Crítica

Filme inglês revela a crueldade reservada a refugiados no Reino Unido

'O último pub' narra a história de um homem que luta para manter vivo um bar em um país decadente na solidariedade

Crítica // O último pub ★★★★

Um contraste pertinente, ao se assistir ao mais recente (e uma despedida) do engajado diretor Ken Loach, transparece, quando percebemos as raízes do clássico Filhos e amantes (assinado por Jack Cardiff, em 1960), criado com memórias do escritor D.H. Lawrence, justamente projetado em Cannes. Aquele filme antigo citava uma era de prospecção e de estabelecimento de sindicatos sólidos, frente ao desenvolvimento da atividade mineradora.

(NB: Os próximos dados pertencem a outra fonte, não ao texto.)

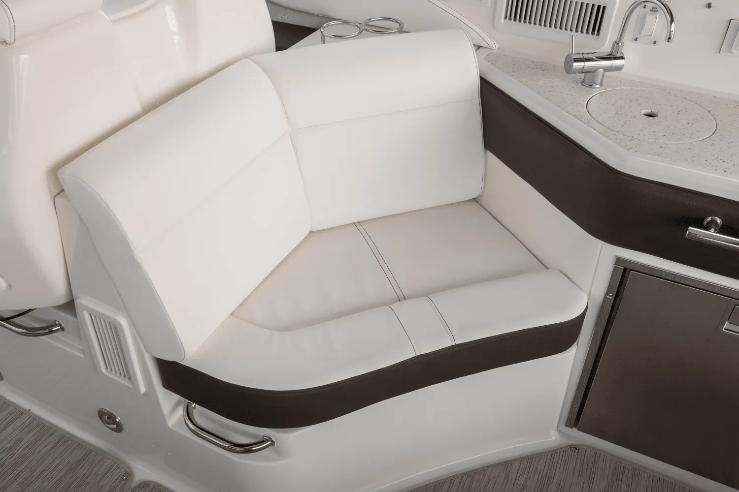 Step into the opulent cabin and immerse yourself in luxury that reflects Sea Ray's commitment to elegance and quality. The spacious interior features sumptuous upholstery, refined finishes, and cutting-edge amenities, creating a welcoming space for relaxation and entertainment.
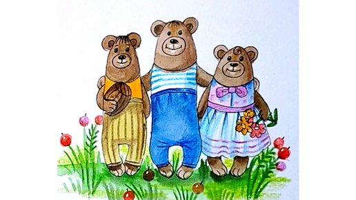π»π»π»ΠΠ»Π»ΡΡΡΡΠ°ΡΠΈΡ ΠΊ ΡΠΊΠ°Π·ΠΊΠ΅ "Π’ΡΠΈ ΠΌΠ΅Π΄Π²Π΅Π΄Ρ", Π½Π°ΡΠΈΡΠΎΠ²Π°Π½Π½Π°Ρ ΠΌΠ°ΡΠΊΠ΅ΡΠΎΠΌ ΠΈ ΠΊΡΠ°ΡΠΊΠ°ΠΌΠΈ.
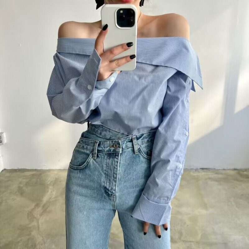 Сексуальная весенняя модная рубашка, в корейском стиле, открытые плечи и длинный рукав

Bastante realista está no lado oposto da moeda, cristalizado no cinema do calejado Ken Loach, aos 87 anos. O último pub iniciou a carreira junto ao público, no Festival de Cannes, campo que rendeu a Loach a Palma de Ouro com os filmes Eu, Daniel Blake (2016) e Ventos da liberdade (2006). Isso além da filmografia encorpada em que desfilaram títulos com mulheres fortes, a exemplo de Ladybird Ladybird (1994) e Pão e rosas (2000), e denúncias da opressão burocrática, eterno material para o cineasta de Terra e liberdade (1995).

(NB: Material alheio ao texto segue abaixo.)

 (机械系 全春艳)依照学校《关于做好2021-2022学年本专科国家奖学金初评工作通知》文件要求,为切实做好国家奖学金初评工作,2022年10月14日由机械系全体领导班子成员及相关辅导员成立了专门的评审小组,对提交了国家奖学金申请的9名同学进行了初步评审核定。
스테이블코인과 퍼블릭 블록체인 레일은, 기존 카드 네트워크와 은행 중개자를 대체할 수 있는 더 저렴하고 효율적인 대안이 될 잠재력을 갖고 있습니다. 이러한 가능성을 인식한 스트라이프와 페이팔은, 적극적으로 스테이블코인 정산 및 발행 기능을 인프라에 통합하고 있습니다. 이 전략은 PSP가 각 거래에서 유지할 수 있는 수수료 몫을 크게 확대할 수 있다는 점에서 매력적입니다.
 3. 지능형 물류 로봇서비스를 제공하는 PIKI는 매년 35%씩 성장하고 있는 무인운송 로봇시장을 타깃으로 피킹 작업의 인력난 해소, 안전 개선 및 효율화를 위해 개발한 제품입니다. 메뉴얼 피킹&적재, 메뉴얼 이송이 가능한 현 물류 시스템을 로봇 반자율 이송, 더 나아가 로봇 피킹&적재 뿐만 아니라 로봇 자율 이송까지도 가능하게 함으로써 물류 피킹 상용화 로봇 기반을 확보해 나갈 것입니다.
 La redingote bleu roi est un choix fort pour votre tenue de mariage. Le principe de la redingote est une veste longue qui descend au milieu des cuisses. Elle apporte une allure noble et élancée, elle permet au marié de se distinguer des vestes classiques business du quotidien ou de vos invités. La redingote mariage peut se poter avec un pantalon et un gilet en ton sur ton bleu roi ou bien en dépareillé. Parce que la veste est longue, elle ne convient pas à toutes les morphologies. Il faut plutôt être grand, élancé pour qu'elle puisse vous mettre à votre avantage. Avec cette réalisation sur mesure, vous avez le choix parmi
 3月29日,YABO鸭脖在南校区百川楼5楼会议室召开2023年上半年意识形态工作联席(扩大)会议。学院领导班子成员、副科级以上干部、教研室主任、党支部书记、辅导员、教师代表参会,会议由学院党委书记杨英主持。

O último pub fica mais otimista, quando se antevê os investimentos nas áreas sociais do primeiro-ministro Keir Starmer, representante Partido Trabalhista que abrandou a ala conservadora do país. O último pub traz enorme foco para cima de TJ Ballantyne (Dave Turner) um sujeito que impulsiona reconciliação social no bairro em que vive, e no qual tem um reduto de aposentados que se dizem ultrajados pela desarmônica convivência com a onda de refugiados sírios, patente no ano em que o filme se passa 2016. Numa corrente de últimos (e politizados títulos), como O último metrô, O último rei da Escócia, O último imperador e O último samurai, O último pub emoldura qualidades da afirmação de um senso de comunidade e o contraponto à estagnação, balizado por ações puras que, para além da caridade, embasam real solidariedade.

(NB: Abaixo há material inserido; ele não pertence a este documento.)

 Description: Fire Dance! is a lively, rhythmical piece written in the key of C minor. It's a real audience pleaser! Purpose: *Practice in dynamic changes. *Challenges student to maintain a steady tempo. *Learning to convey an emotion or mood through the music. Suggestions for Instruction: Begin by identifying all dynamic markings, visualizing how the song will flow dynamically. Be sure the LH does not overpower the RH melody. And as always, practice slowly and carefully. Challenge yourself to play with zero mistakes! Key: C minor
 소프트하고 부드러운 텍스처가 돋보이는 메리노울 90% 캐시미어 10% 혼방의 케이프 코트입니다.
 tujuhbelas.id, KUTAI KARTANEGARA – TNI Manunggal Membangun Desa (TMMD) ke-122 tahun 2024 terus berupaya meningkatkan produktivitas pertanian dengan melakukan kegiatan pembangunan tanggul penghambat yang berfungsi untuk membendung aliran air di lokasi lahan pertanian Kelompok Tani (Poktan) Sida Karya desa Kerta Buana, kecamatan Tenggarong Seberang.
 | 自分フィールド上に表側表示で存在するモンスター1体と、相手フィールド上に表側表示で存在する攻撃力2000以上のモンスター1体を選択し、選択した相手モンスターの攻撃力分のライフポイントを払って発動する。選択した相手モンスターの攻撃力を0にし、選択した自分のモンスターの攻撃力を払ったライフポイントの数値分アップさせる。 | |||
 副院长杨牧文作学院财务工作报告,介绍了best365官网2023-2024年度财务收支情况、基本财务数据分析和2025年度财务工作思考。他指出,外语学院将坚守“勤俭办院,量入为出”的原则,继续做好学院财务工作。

Representante dos dramas protagonizados por refugiados sírios, Yara (Ebla Mari) levanta o roteiro escrito por Paul Laverty (habitué na carreira de Ken Loach). É por meio de fotografias, e do contato com outra visão (que extrapola a do corpo) que ela consegue contornar diária humilhação junto aos "donos da terra" em que vive. O aprendizado de Yara vem sem didatismo, acompanhado pelos gestos solidários de Laura (Claire Rodgerson), que sempre interage com os estrangeiros. A construção de uma resistência síria atropela, sem violência, os entraves humanos dos britânicos mais radicais. Com uma inspirada montagem de Jonathan Morris, O último pub vem criado como um conto, em que pesam os sentimentos engasgados do protagonista TJ, a inesquecível bondade da cachorra Marra e uma nova utilidade para um salão de pub carcomido e quase visto como espelunca.